Stored data =
┄┄┄┄┄┄┄┄┄┄┄┄┄┄┄┄┄┄┄┄
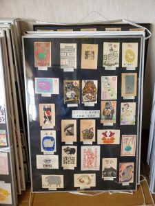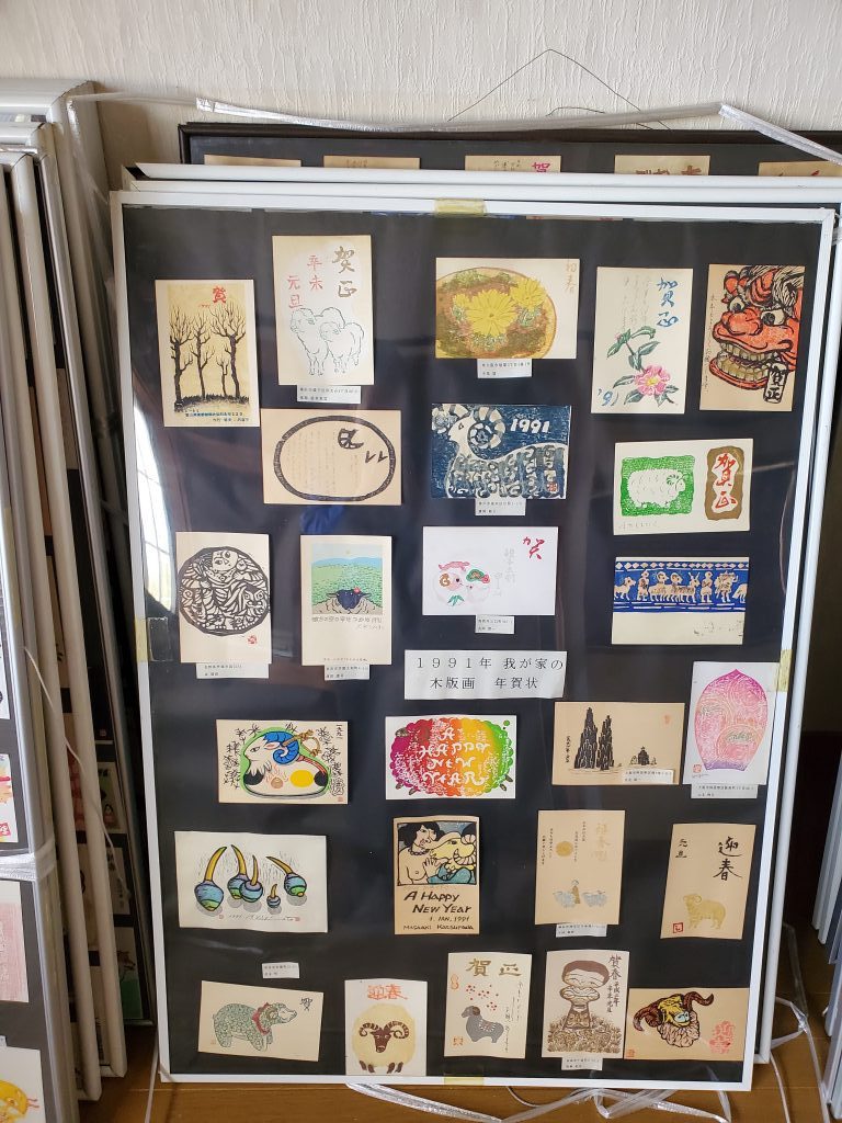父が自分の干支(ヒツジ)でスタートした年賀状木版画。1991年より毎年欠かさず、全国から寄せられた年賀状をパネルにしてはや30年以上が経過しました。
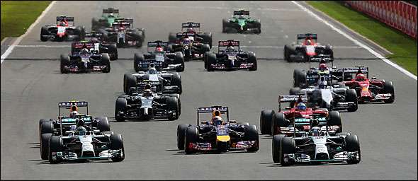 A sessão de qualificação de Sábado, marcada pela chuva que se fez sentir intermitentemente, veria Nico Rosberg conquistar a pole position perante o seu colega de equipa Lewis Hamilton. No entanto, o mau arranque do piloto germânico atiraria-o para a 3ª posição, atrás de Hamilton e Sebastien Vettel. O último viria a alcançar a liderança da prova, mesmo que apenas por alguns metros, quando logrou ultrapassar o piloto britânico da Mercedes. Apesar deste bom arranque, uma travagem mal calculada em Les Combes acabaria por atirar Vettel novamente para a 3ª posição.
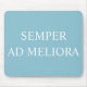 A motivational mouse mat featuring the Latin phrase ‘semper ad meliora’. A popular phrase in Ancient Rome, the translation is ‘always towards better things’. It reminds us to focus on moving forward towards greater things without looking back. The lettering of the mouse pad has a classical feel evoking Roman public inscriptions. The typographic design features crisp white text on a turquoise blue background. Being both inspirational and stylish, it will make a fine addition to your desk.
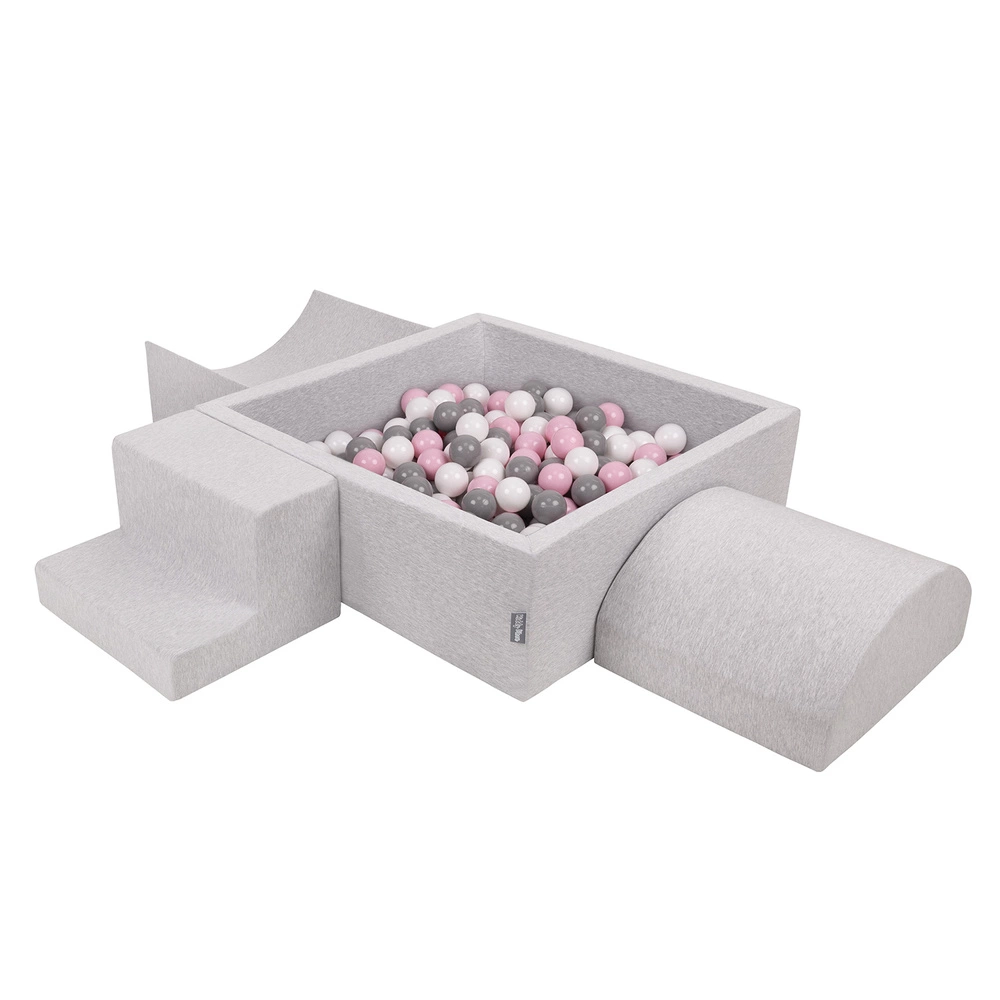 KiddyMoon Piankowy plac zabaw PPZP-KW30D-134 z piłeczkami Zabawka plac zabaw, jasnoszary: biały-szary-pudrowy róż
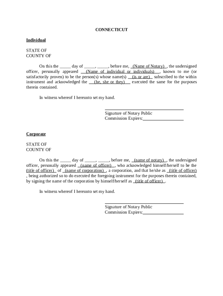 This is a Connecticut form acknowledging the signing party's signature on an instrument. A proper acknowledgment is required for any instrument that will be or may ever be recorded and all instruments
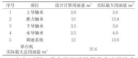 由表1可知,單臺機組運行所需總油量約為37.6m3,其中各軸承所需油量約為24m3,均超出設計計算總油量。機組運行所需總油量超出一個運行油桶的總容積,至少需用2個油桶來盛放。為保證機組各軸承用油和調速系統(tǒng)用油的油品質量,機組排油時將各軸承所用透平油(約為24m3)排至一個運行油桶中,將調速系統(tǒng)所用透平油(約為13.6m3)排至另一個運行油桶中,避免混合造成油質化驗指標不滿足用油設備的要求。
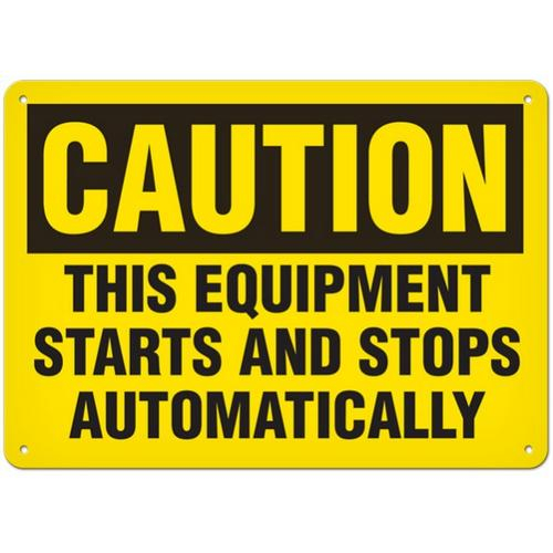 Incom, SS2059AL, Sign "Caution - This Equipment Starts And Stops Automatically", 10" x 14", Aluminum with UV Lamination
┄┄┄┄┄┄┄┄┄┄┄┄┄┄┄┄┄┄┄┄
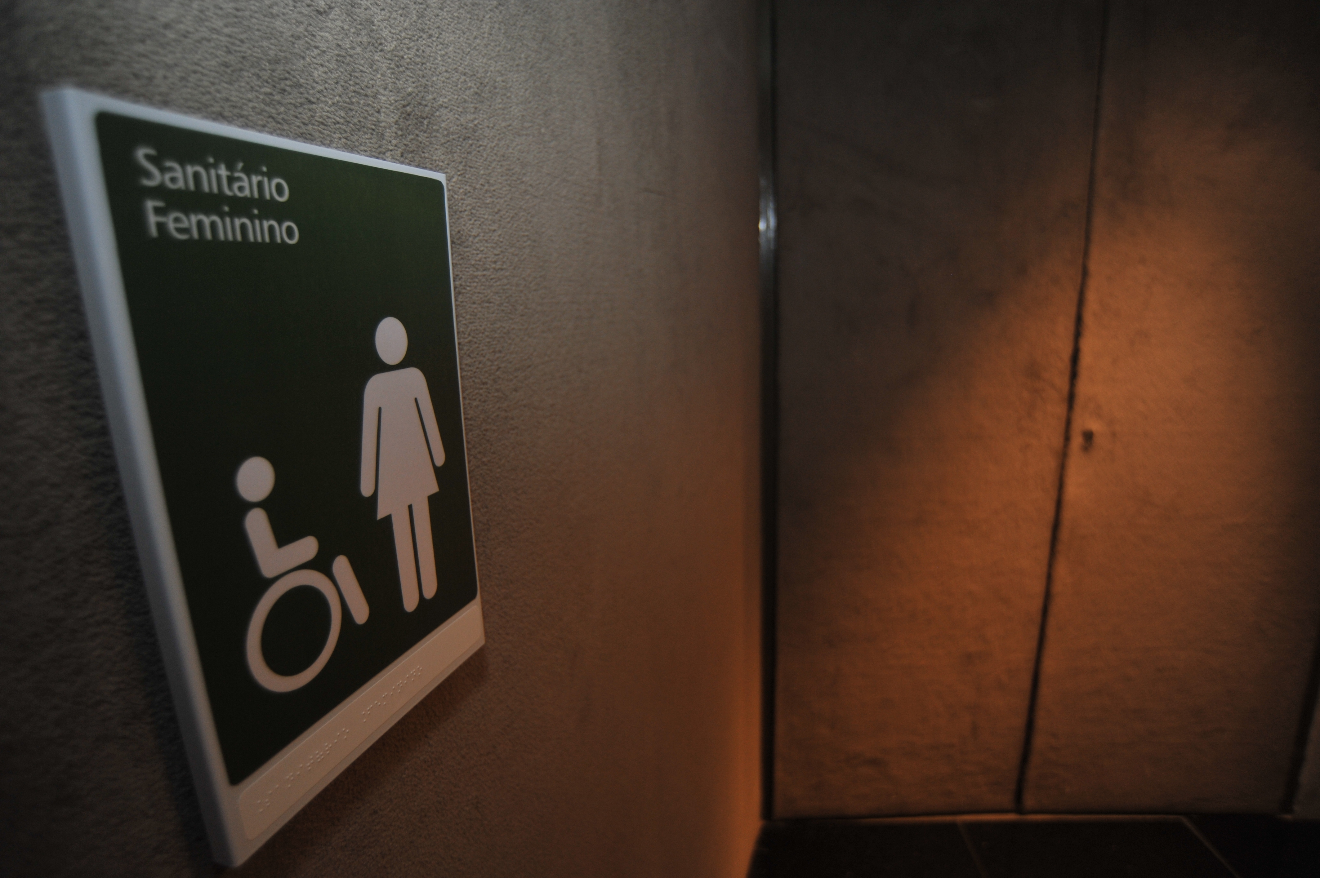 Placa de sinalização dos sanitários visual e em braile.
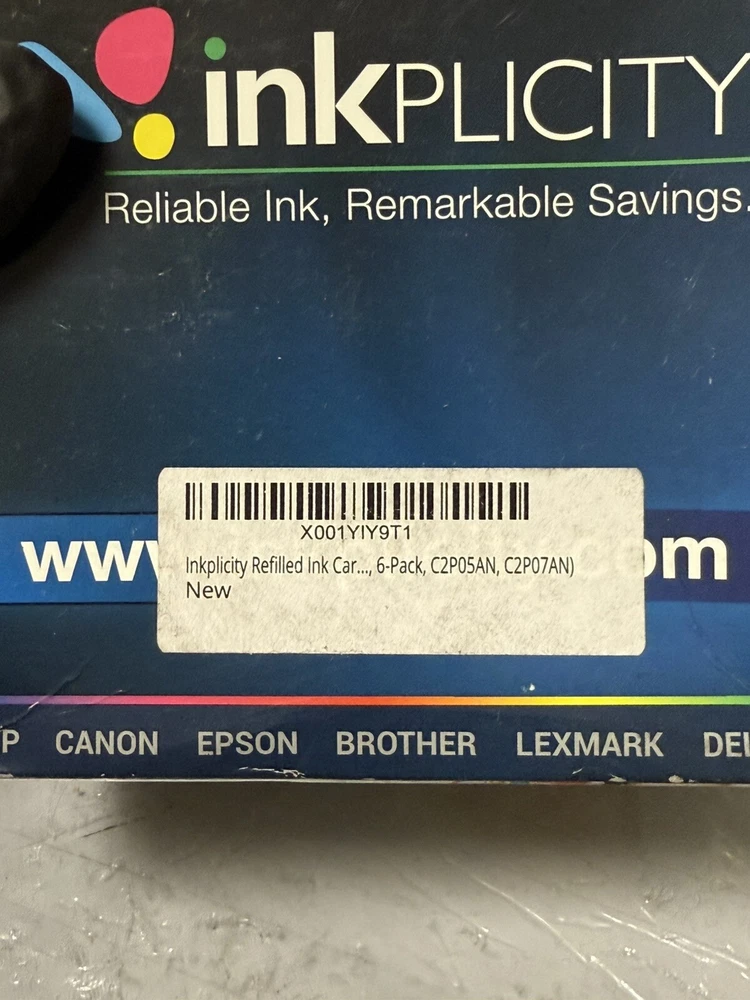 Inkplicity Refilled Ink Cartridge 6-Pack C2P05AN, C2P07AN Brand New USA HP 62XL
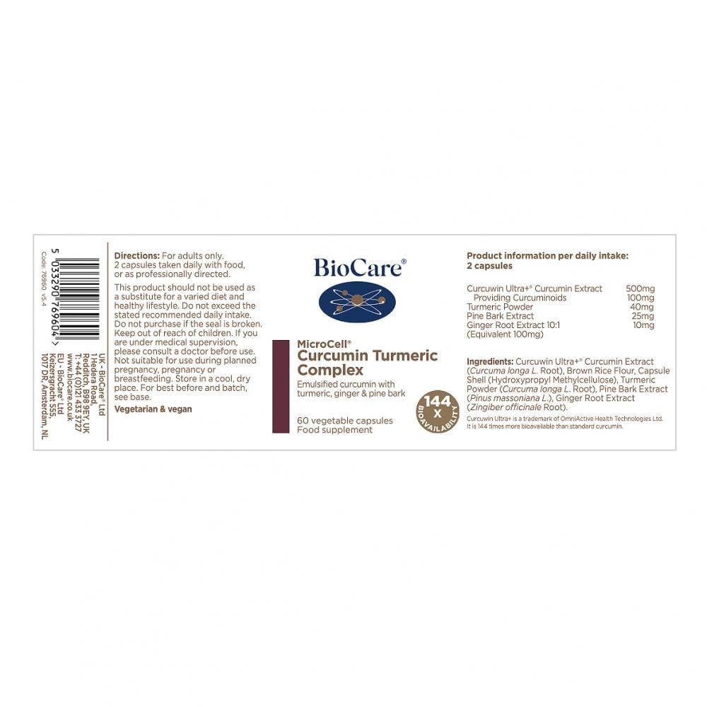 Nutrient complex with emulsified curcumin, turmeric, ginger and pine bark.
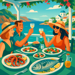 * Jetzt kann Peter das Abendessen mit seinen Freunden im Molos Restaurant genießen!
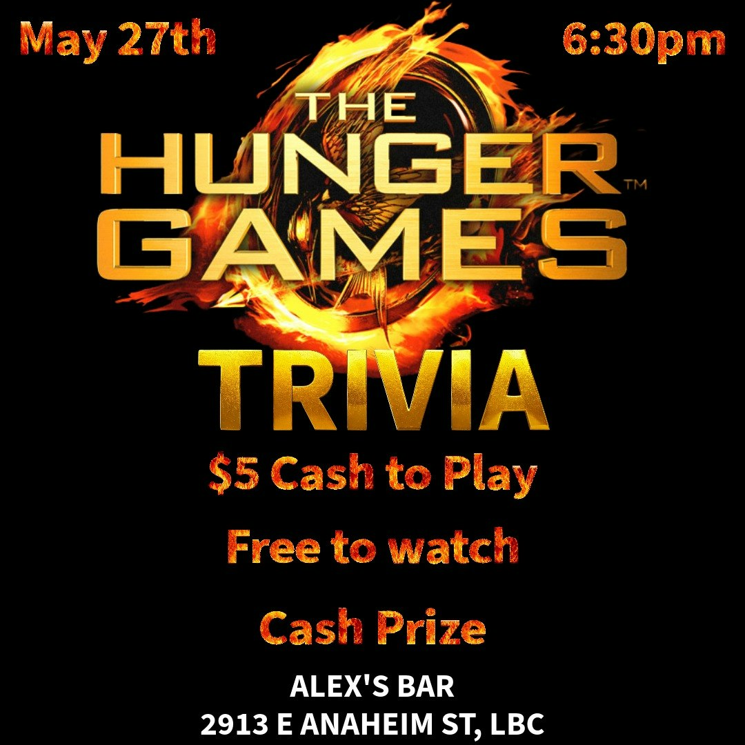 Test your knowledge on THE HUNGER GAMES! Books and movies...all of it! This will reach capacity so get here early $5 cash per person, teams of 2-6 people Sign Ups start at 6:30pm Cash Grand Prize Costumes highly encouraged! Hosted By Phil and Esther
┄┄┄┄┄┄┄┄┄┄┄┄┄┄┄┄┄┄┄┄
TASK GOAL = Repeat, without pictures, exactly the lines of the data above from the one containing "Molos Restaurant genießen!" through the one containing "Test your knowledge", including both and adding nothing.

RESULT OF THE TASK =
 * Jetzt kann Peter das Abendessen mit seinen Freunden im Molos Restaurant genießen!
 Test your knowledge on THE HUNGER GAMES! Books and movies...all of it! This will reach capacity so get here early $5 cash per person, teams of 2-6 people Sign Ups start at 6:30pm Cash Grand Prize Costumes highly encouraged! Hosted By Phil and Esther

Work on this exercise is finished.